:: WORK INSTRUCTIONS ::
From the line with "- Раскрываем тайны" to the line with "Ladders worden zorgvuldig", output every line below exactly, both ends included. Skip the pictures.

:: DATA EXTRACTS ::
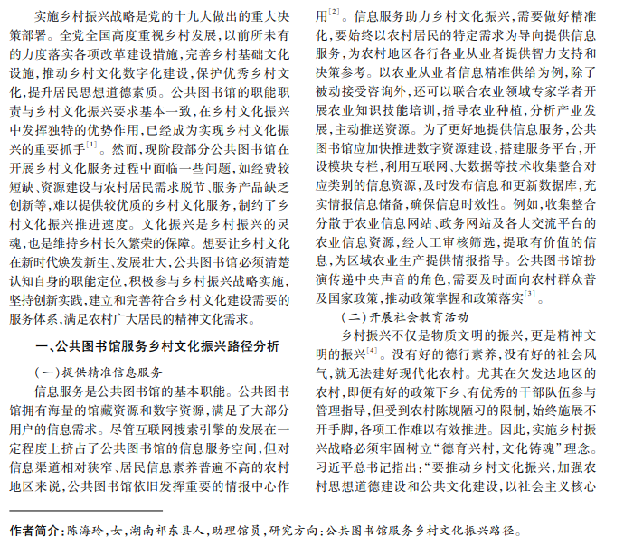 乡村文化振兴是我国公共文化事业发展的重要组成部分。作为公共文化服务的供给主体,公共图 书馆有责任、有义务参与乡村文化建设,以高水平文化服务带动乡村文化振兴。基于此,本文对部分地区公共 图书馆服务乡村文化振兴现状展开研究、整理和分析,阐述公共图书馆服务乡村文化振兴的主要路径,探讨目 前部分公共图书馆服务过程中面临的主要问题,从主体建设、需求对接、职能履行、聚集社会合力等方面提出服 务优化策略,以提升公共图书馆服务效能,助力乡村文化振兴。
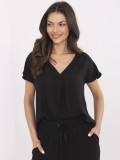 Entdecken Sie die perfekte Kombination aus Stil und Komfort mit dieser eleganten schwarzen Bluse. Hergestellt aus hochwertiger 100% Viskose, ist diese Bluse ideal für den täglichen Gebrauch. Kurze Ärmel und der V-Ausschnitt verleihen der Bluse einen modernen Look, während das glatte Muster dafür sorgt, dass sie sich leicht mit verschiedenen Outfits kombinieren lässt. Mit ihrer Standardlänge und dem lockeren Schnitt fühlen Sie sich den ganzen Tag über wohl. Ökologische Mode sah nie so gut aus! Maschinenwäsche bei 30 °C garantiert eine einfache Pflege. Verpassen Sie nicht die Gelegenheit, dieses Stück in Ihren Kleiderschrank aufzunehmen!
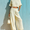 This two-piece set works beautifully as a standalone statement, perfect for casual outings or relaxed gatherings. Pair it with minimalist sneakers for a laid-back look or elevate it with ankle boots for a chic appearance. The neutral cream color gives you the flexibility to accessorize with bold jewelry or vibrant scarves to add a pop of color.
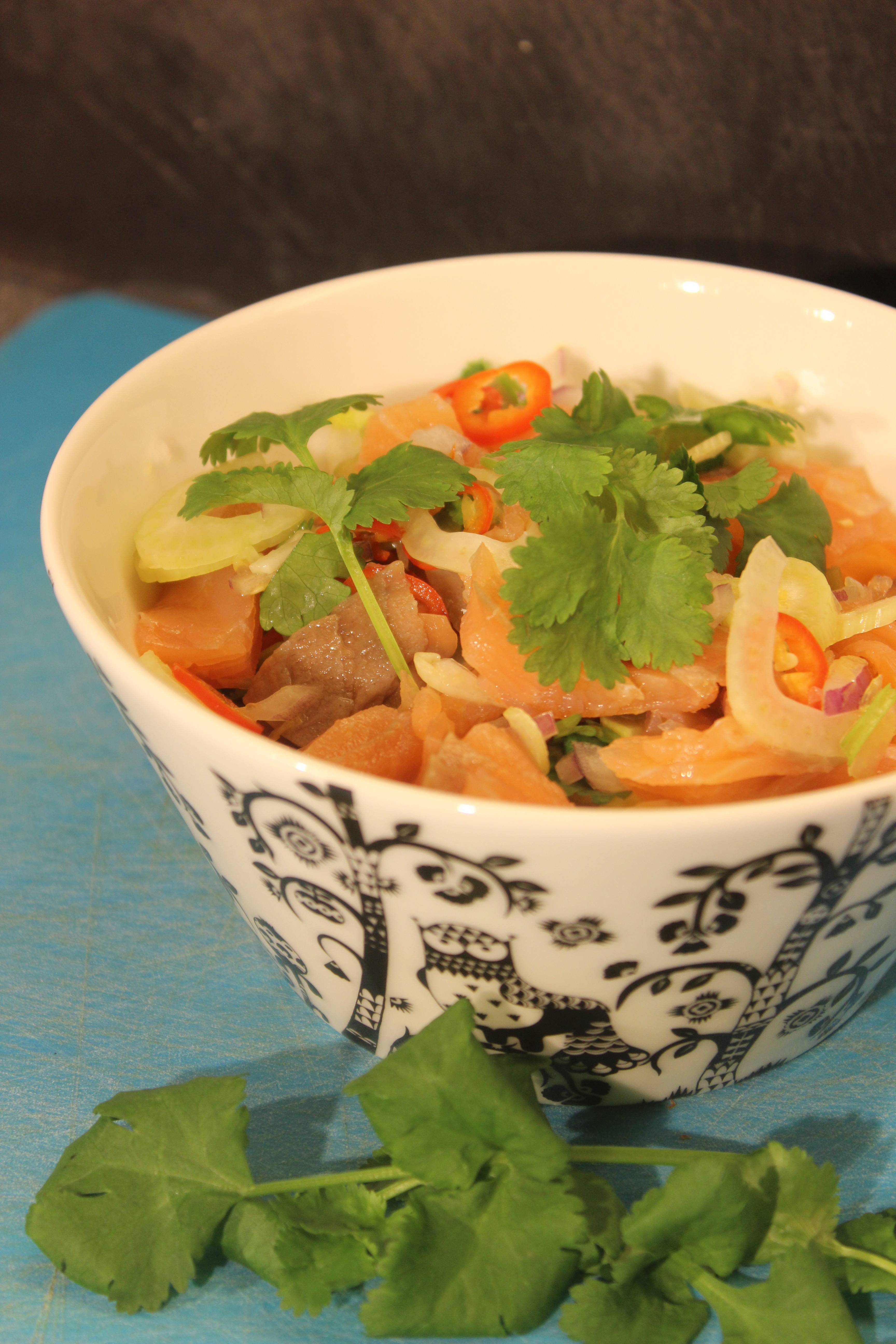 Kylmäsavulohiceviche (kahdelle alkupalaksi) 150g kylmäsavulohta (mieluiten palana, mutta viipaloitukin käy) 1 pienehkö punasipuli 1 pieni fenkoli 2 punaista chiliä 2 limetin mehu ja hedelmäliha 1 pienen appelsiinin mehu ja hedelmäliha ruukullinen korianteria silputtuna hyppysellinen suolaa
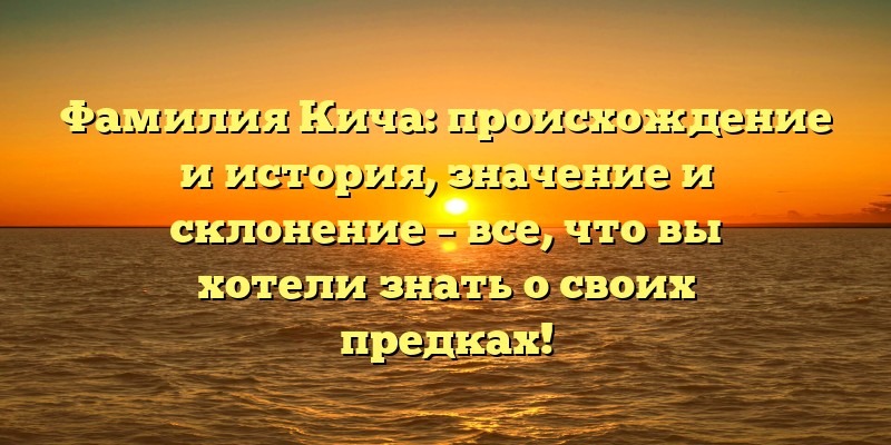 - Раскрываем тайны происхождения и истории фамилии Кича: узнайте значение и склонение своих предков!
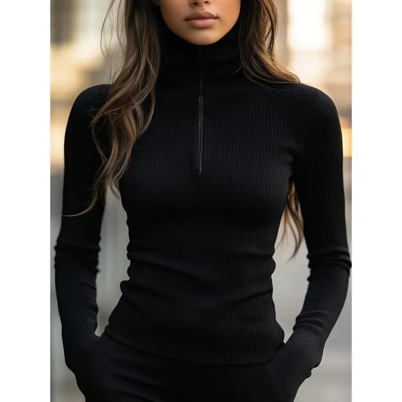 Women's High Neck Zip-Front Top, Stretch Long Sleeve Shirt for Fall Winter, Casual Formal Wear
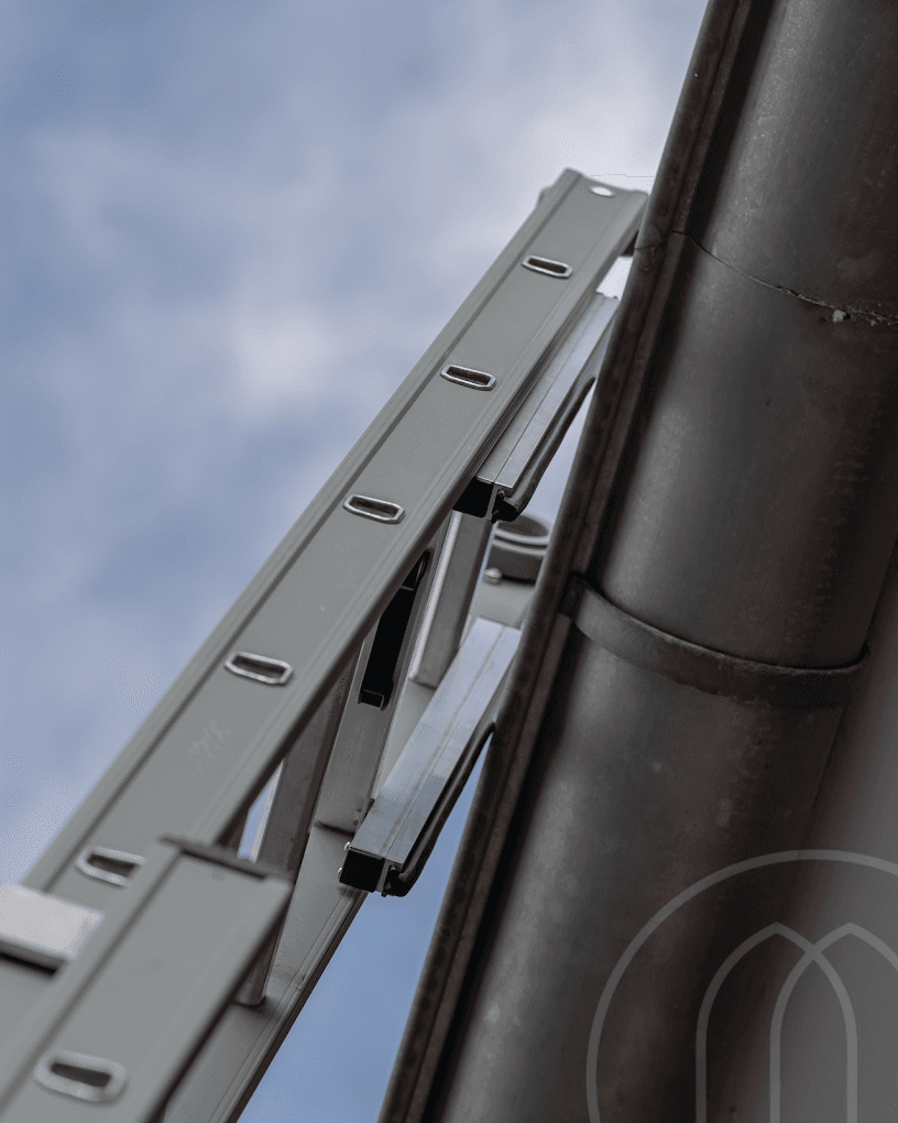 Ladders worden zorgvuldig tegen de gevel geplaatst, ons team draagt overschoenen en we gebruiken alleen de beste schoonmaakmaterialen.
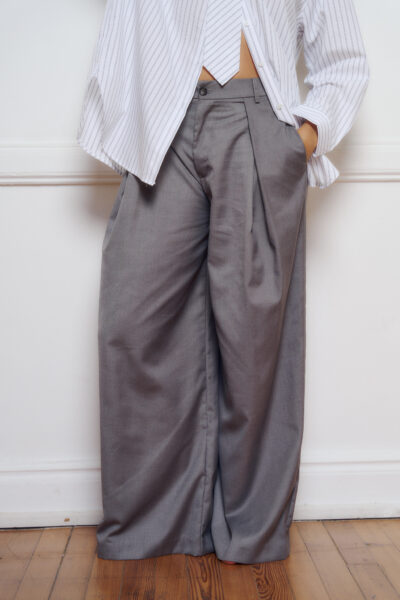 Pantalon confeccionado en sastre con pinzas cruzadas y bolsillos en ambos lados.
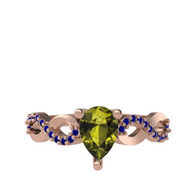 Peridot ve lab safir 925 ayar rose altın kaplama gümüş yüzük
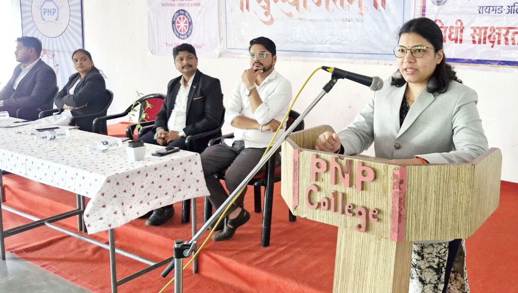 कार्यक्रमास संस्थेच्या कार्यवाह चित्रलेखा पाटील यांनी शुभेच्छा दिल्या. कार्यक्रमास ॲड.निलोफर शेख उपस्थित होत्या त्यांनी विद्यार्थ्यांना Anti-Ragging Laws, Traffic Rules या संदर्भात माहिती दिली. तर ॲड. तन्मय म्हात्रे यांनी World Tribal Day, NALSA/MALSA मध्ये उपलब्ध असणाऱ्या विविध स्कीम बदल सविस्तर माहिती दिली. तेजस्विनी निराळे वरिष्ठ दिवाणी न्यायाधीश तथा सचिव, जिल्हा विधी सेवस प्राधिकरण, रायगड अलिबाग यांनी विद्यार्थ्याांंचे हक्क तसेच जिल्हा विधी प्राधिकरण यांच्याकडून उपलब्ध असणाऱ्या विविध सुविधा तसेच समाजामध्ये युवा वर्गाचे योगदानावर प्रकाश टाकत विद्यार्थ्यांना मार्गदर्शन केले. याप्रसंगी विक्रांत वार्डे, प्राचार्य रविंद्र पाटील, उप्राचार्य निशिकांत कोळसे कार्यक्रमास उपस्थित होते. कार्यक्रमाचे सूत्र संचालन दिनेश पाटील यांनी केले तर आभार प्रदर्शन गणेश पाटील यांनी केले. कार्यक्रमाचे नियोजन तेजेश म्हात्रे यांनी केले.
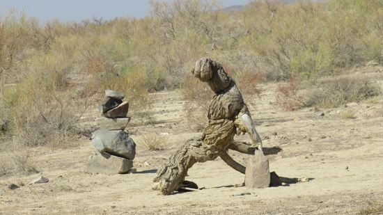 und schon geht es zurück, vorbei an dieser Skulptur aus Wüstenholz,
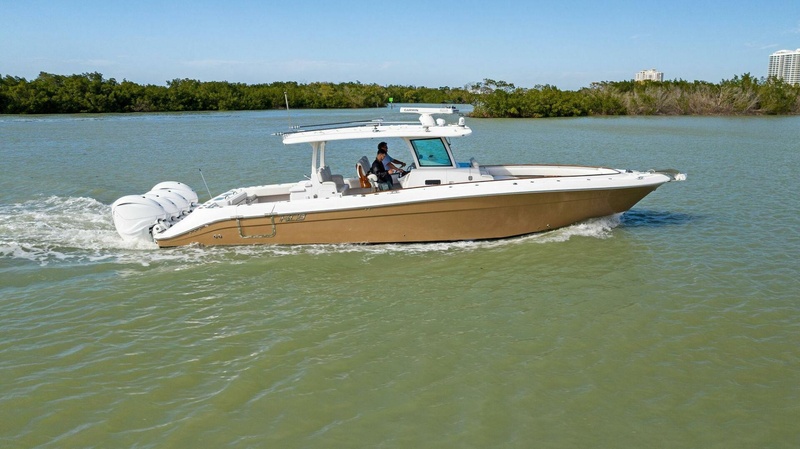 2021 42 HCB Lujo – “Eagle’s Zone” Center Console for sale offers a seamless blend of brawn and refinement that provides sustained offshore performance and an impeccable ride for any angler, diver, or cruiser. The newly designed hull cuts through the water like glass and the helm station has been redesigned to deliver comfortable seating, the topside features are amply spread throughout the bow and cockpit and the optional fuel capacity allows you to go on longer runs. Lujo has been regarded as the most agile and comfortable HCB on the market. Call today for a showing.
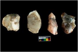 | Description / विवरण | Four worked utilised cores. Flakes removed from few sides. Most of them are uneven and few are tapering at one end. |
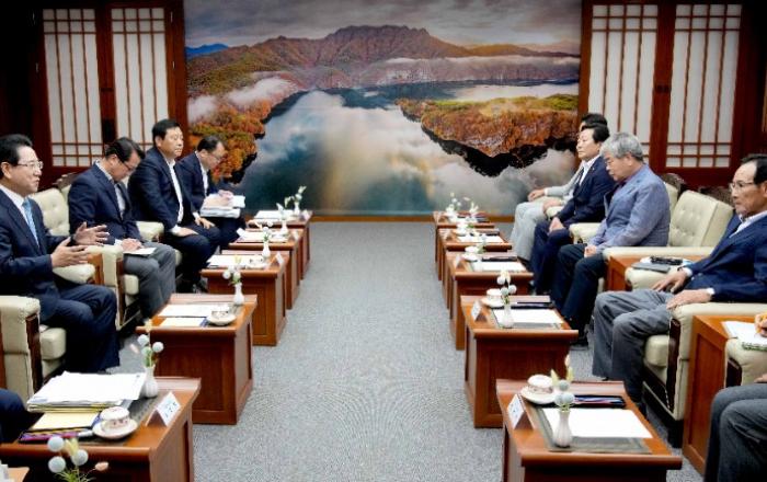 김영록 전남도지사와 ‘광주 전투비행장 무안 이전 반대 범군민대책위원회’(이하 범대위) 주요 간부들이 12일 전남도청에서 만남을 갖고 광주 민간공항과 군 공항의 무안국제공항 통합 이전에 대해 깊은 대화의 시간을 가졌다.이날 만남에는 범대위측의 박문재 상임공동위원장, 박일
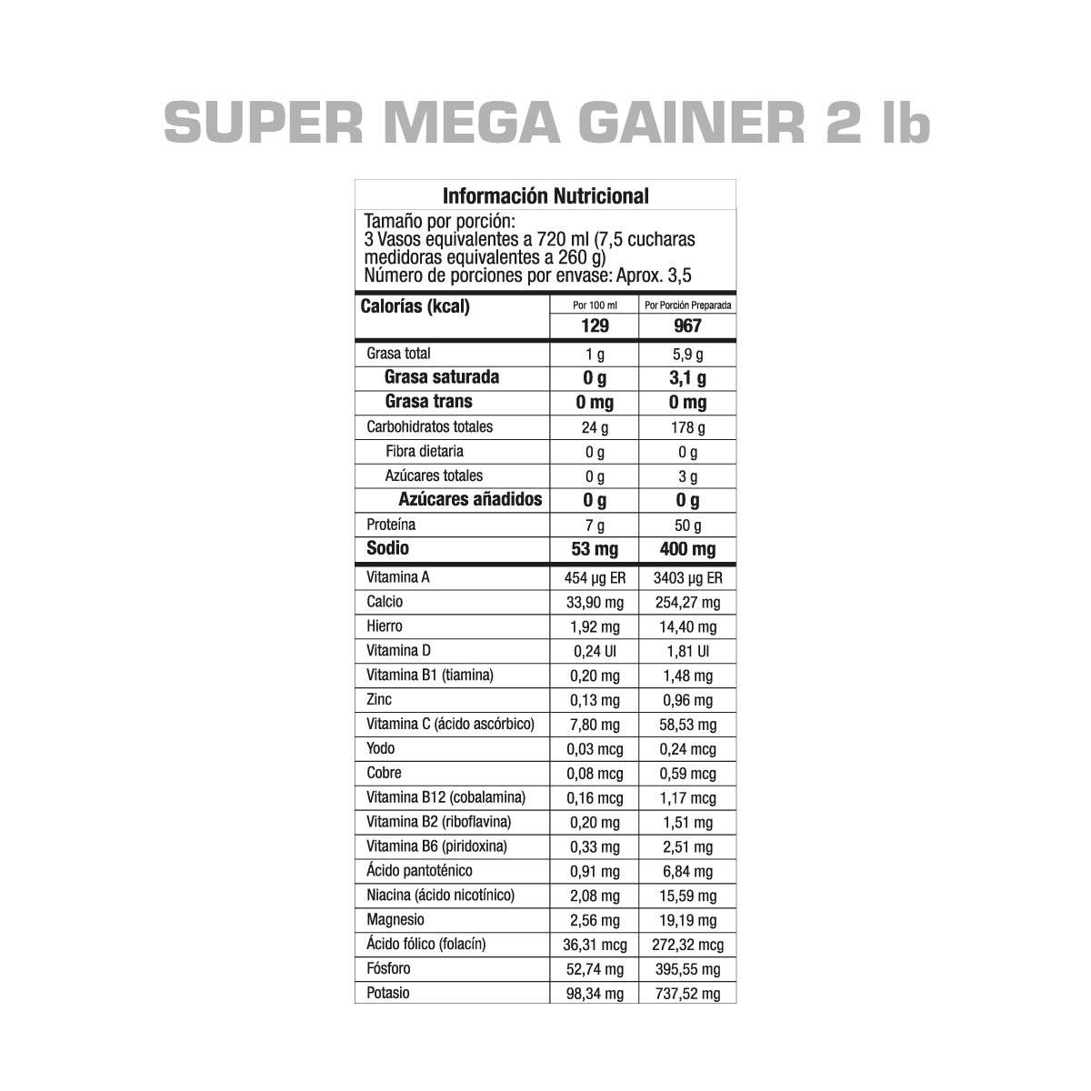 Cada porción de SUPER MEGA GAINER equivale a 7,5 cucharadas medidoras (260 g), que se recomienda diluir en 3 vasos con agua (750 ml). Se sugiere dividir la porción en 3 tomas, diluyendo 2,5 cucharas medidoras del producto (87 g) en 1 vaso de agua (240 ml) y consumir una vez preparado.

:: OUTPUT ::
 - Раскрываем тайны происхождения и истории фамилии Кича: узнайте значение и склонение своих предков!
 Women's High Neck Zip-Front Top, Stretch Long Sleeve Shirt for Fall Winter, Casual Formal Wear
 Ladders worden zorgvuldig tegen de gevel geplaatst, ons team draagt overschoenen en we gebruiken alleen de beste schoonmaakmaterialen.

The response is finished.